Im hoping things get easier soon although I know outings and holidays are always going to be tricky. I'm never keen on the baby stage anyway. If I could have given birth to 18mth olds I'd have had 10 kids. We have actually considered, ridiculous as it sounds after my posts, considered a 4th simply because we think the dynamics of 2+2 will work better and that DS will benefit from a sibling close in age.

I hope I haven't put anyone off.just sharing a different experience.

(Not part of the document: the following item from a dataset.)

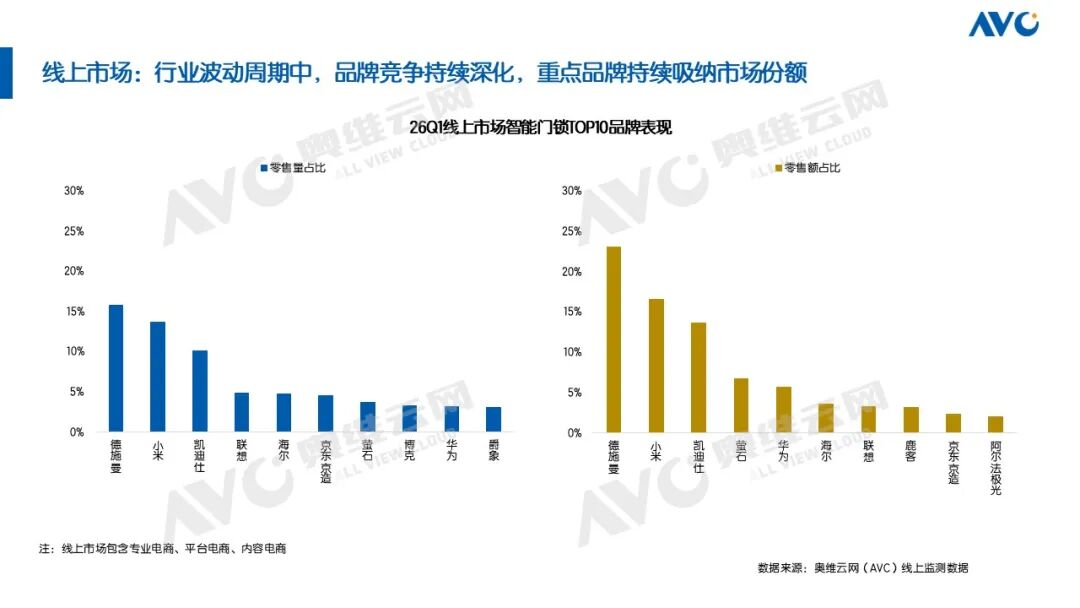 奥维云网(AVC)线上监测数据显示,2026年一季度,智能门锁线上渠道的零售量规模为154.8万套,同比下降13.7%;市场均价为960元,同比下降5%。受价格下调影响,零售额降幅进一步扩大,一季度线上市场零售额规模为14.9亿元,同比下降18.1%。

Mandy21 Wed 02-Jan-13 14:03:04

We had a slightly different situation in that we went from 0-2 (twins) then 2-3 when the twins were just 4. The 0-2 was like a sucker-punch that we never really recovered from wink so 2-3 seemed a breeze in comparison, at least the start with. The only real shocker was that the older 2 weren't having daytime naps when DD2 arrived, so whereas I'd previously been able to catch up with housework, cook, clean, sleep or just put my feet up when the twins were newborn & napping, I couldn't do that. I used naptime to actually concentrate on the twins even though I was like a zombie.

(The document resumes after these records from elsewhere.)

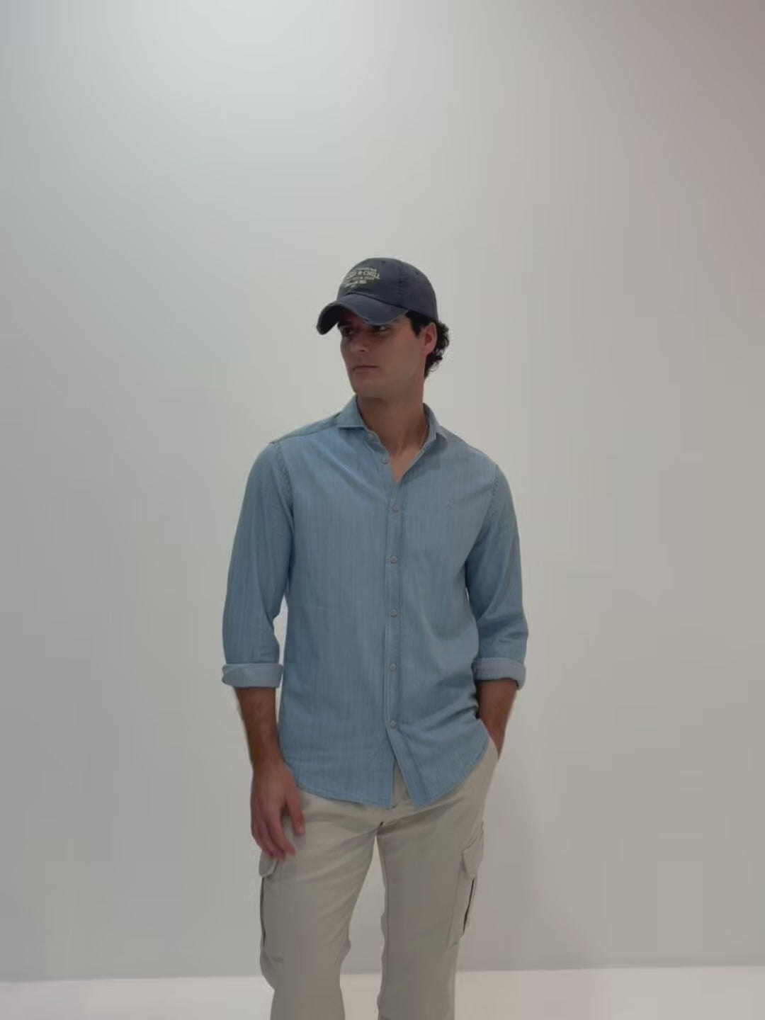 Camisa sport denim azul claro confeccionada en 100% algodón BCI. Presenta cuello cutaway, cierre con botones y manga larga de puño con botones. Cuenta con raquetas bordadas al tono en el torso.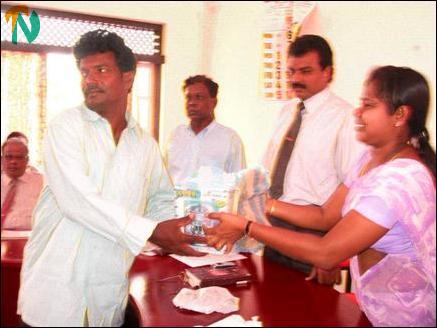 WFP programme assistant Ms Rebecca Miranda hands over food basket to a returnee from Tamilnadu. Trinco Divisional Secretary Mr.Arumainayakam and Deputy Director of Planning Mr. V.Suntharalingam are seen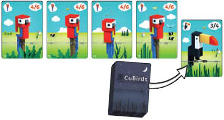 Next, the player slides the remaining Birds together, so that they form a continuous row.

DD2 is now 3 (another tornado), DD1&DS are now 7 and finding time for everyone is hard (homework / stories / watching them in their various extra activities etc). I worry sometimes that my desire for Number 3 compromised the family of 4 that we had. I wouldn't change my family of 5 for the world now that DD2 is here, the 3 children are extremely close, but I do recognise that life would have been easier and we'd be better off financially if we hadn't have had her.

AmberSocks Wed 02-Jan-13 14:48:59

actually they dont have to cost more if you dont want them to.

you only genuinly need a car seat,and some clothes,i know people who dont even use nappies,iin fact you only need a car seat if you drive.

it wouldnt be for me as i love buying baby stuff-mainly clothes-but you dont need all the stuff.i think its mainly food which ends up costing more.